[Stored dataset items]
========================================================================

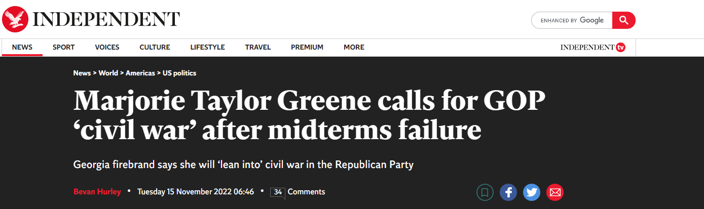 Слушай, утомил ты уже со своей пропагандой. Ваши левые (даже не ультра) несколько лет всю страну жгли и громили во имя поддержки чернокожих уголовников пока "ультраправые" сидели и молчали. Ваши левые политики призывали преследовать членов администрации президента и ты не возмущался. Ваши левые (даже не ультра) открыто в соцсетях призывали к уничтожению правых (даже не ультра) и ты не возмущался. А тут республиканская депутатша использовала эвфемизм описывающий положение дел и конфликт ВНУТРИ республиканской партии (сюрприз: республиканцы умеют думать головой и не боятся плыть против течения, тогда когда демократы всегда беспрекословно поддерживают линю партии, какой бы идиотской она ни была), так ты сразу на дыбы встал. Ты бы хоть английский подучил, что ли. Тут из заголовка понятно, что речь идет не о гражданской войне в стране, а о конфликте внутри парттии.
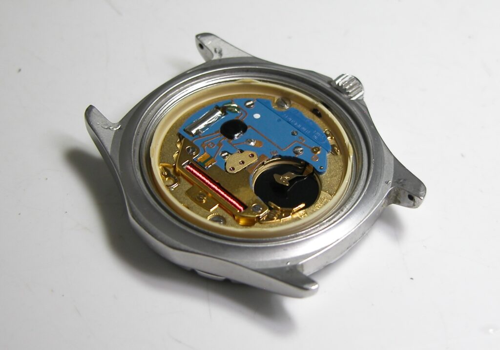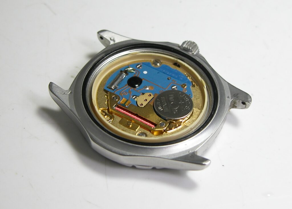 電池を入れて動作確認。パッキンにシリコン塗布をしてケースに戻します。
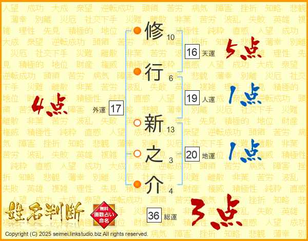 生活面を象徴する運勢です。外部から受ける影響力を表し、結婚運、家庭運や職場、環境への順応性を表します。総運から人運を引いた画数。姓や名が1文字の場合を除く。
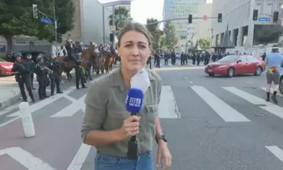 Lauren Tomasi was at the heart of the unrest, delivering a live report for Nine News when the situation took a dangerous turn. “After hours of standing off, this situation has now rapidly deteriorated,” she told viewers. “The LAPD is moving in on horseback, firing rubber bullets at protesters, moving them through the heart of LA.” Moments later, a rubber bullet struck her, prompting a bystander to exclaim, “You just f**king shot the reporter!” Despite the shock, Tomasi remained composed, reassuring her team, “I’m good,” when asked if she was okay.
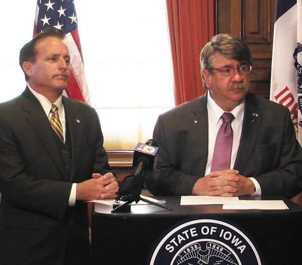 Iowa Secretary of State Paul Pate (left) and State Rep. Dean Fisher (R-Garwin) take questions during a press conference announcing the Safe at Home Act legislation being sponsored by Fisher in the Iowa Legislature this session. STORY, ANOTHER?PHOTO PAGE?1. -Photo provided
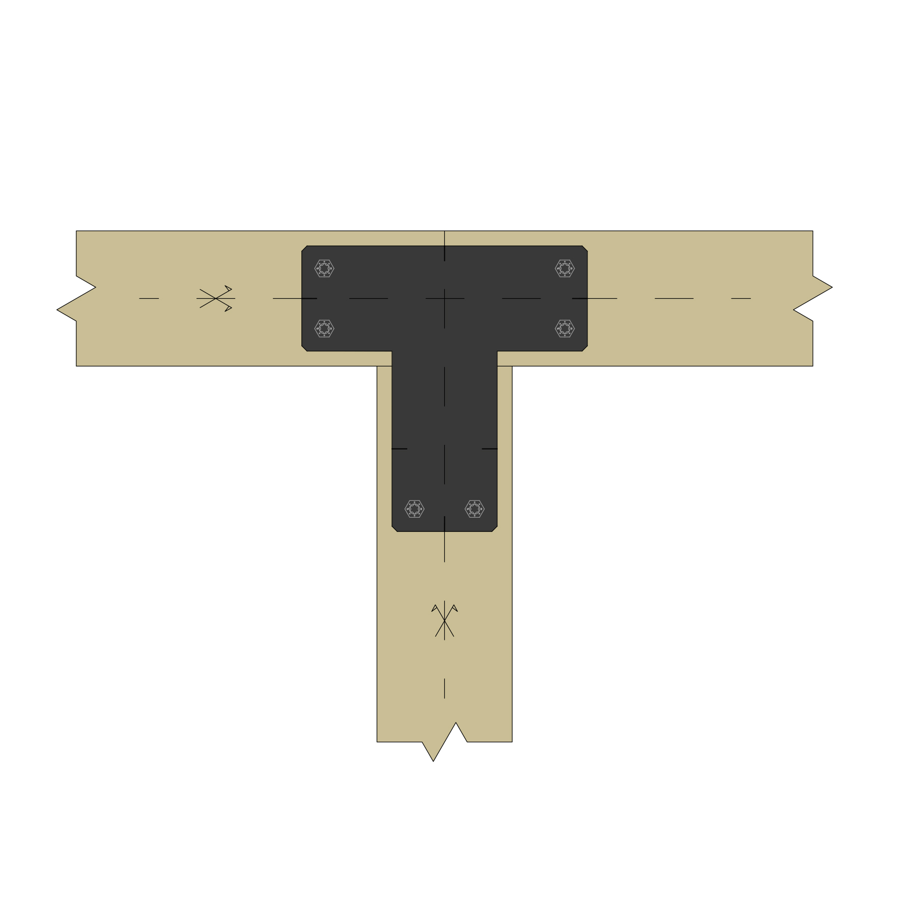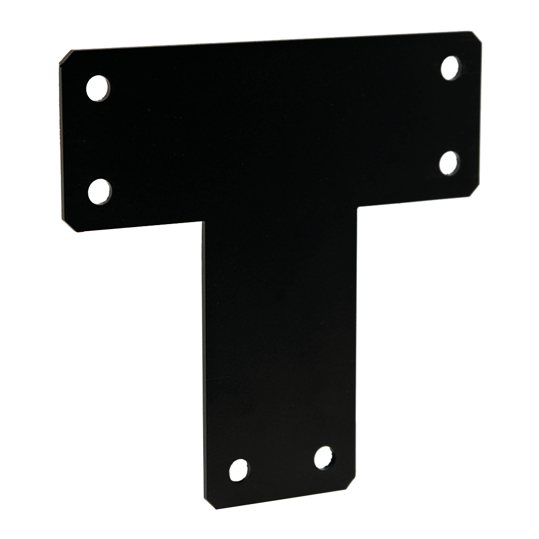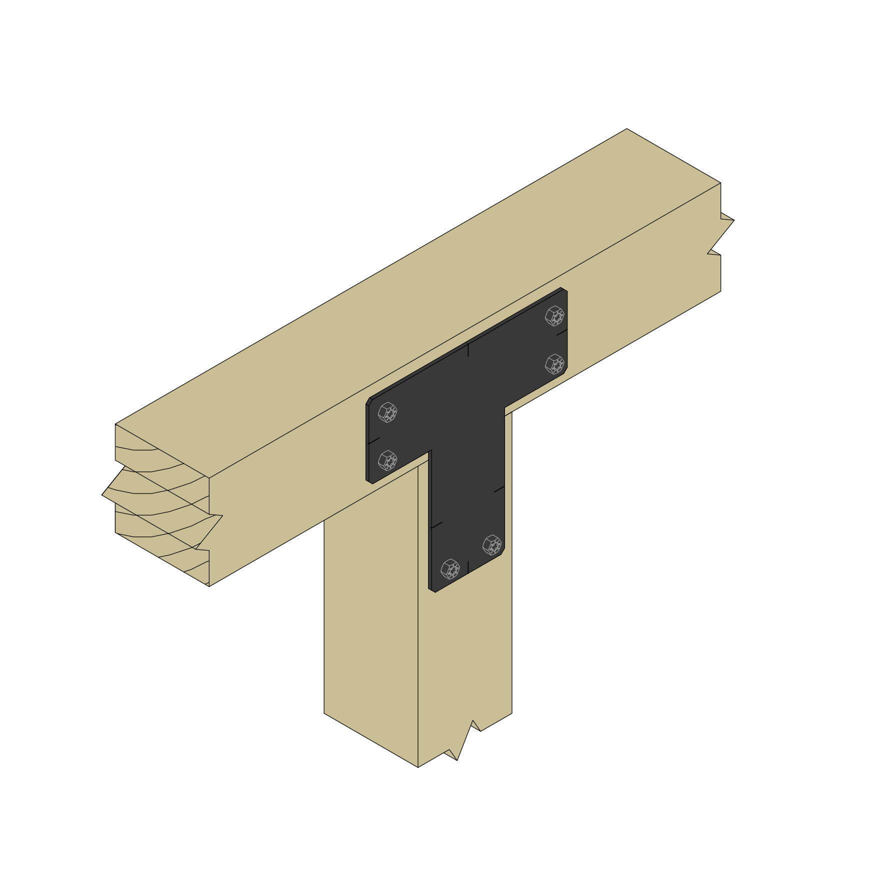 T shaped strap for connecting beams to posts in garden applications such as pergolas and other light constructions.

========================================================================

▸ **Your objective**
Please print the lines above exactly, beginning at the first line of the entries and ending at the line holding "Lauren Tomasi was", and leave the pictures out.

▸ **Response for this exercise**
 Слушай, утомил ты уже со своей пропагандой. Ваши левые (даже не ультра) несколько лет всю страну жгли и громили во имя поддержки чернокожих уголовников пока "ультраправые" сидели и молчали. Ваши левые политики призывали преследовать членов администрации президента и ты не возмущался. Ваши левые (даже не ультра) открыто в соцсетях призывали к уничтожению правых (даже не ультра) и ты не возмущался. А тут республиканская депутатша использовала эвфемизм описывающий положение дел и конфликт ВНУТРИ республиканской партии (сюрприз: республиканцы умеют думать головой и не боятся плыть против течения, тогда когда демократы всегда беспрекословно поддерживают линю партии, какой бы идиотской она ни была), так ты сразу на дыбы встал. Ты бы хоть английский подучил, что ли. Тут из заголовка понятно, что речь идет не о гражданской войне в стране, а о конфликте внутри парттии.
 電池を入れて動作確認。パッキンにシリコン塗布をしてケースに戻します。
 生活面を象徴する運勢です。外部から受ける影響力を表し、結婚運、家庭運や職場、環境への順応性を表します。総運から人運を引いた画数。姓や名が1文字の場合を除く。
 Lauren Tomasi was at the heart of the unrest, delivering a live report for Nine News when the situation took a dangerous turn. “After hours of standing off, this situation has now rapidly deteriorated,” she told viewers. “The LAPD is moving in on horseback, firing rubber bullets at protesters, moving them through the heart of LA.” Moments later, a rubber bullet struck her, prompting a bystander to exclaim, “You just f**king shot the reporter!” Despite the shock, Tomasi remained composed, reassuring her team, “I’m good,” when asked if she was okay.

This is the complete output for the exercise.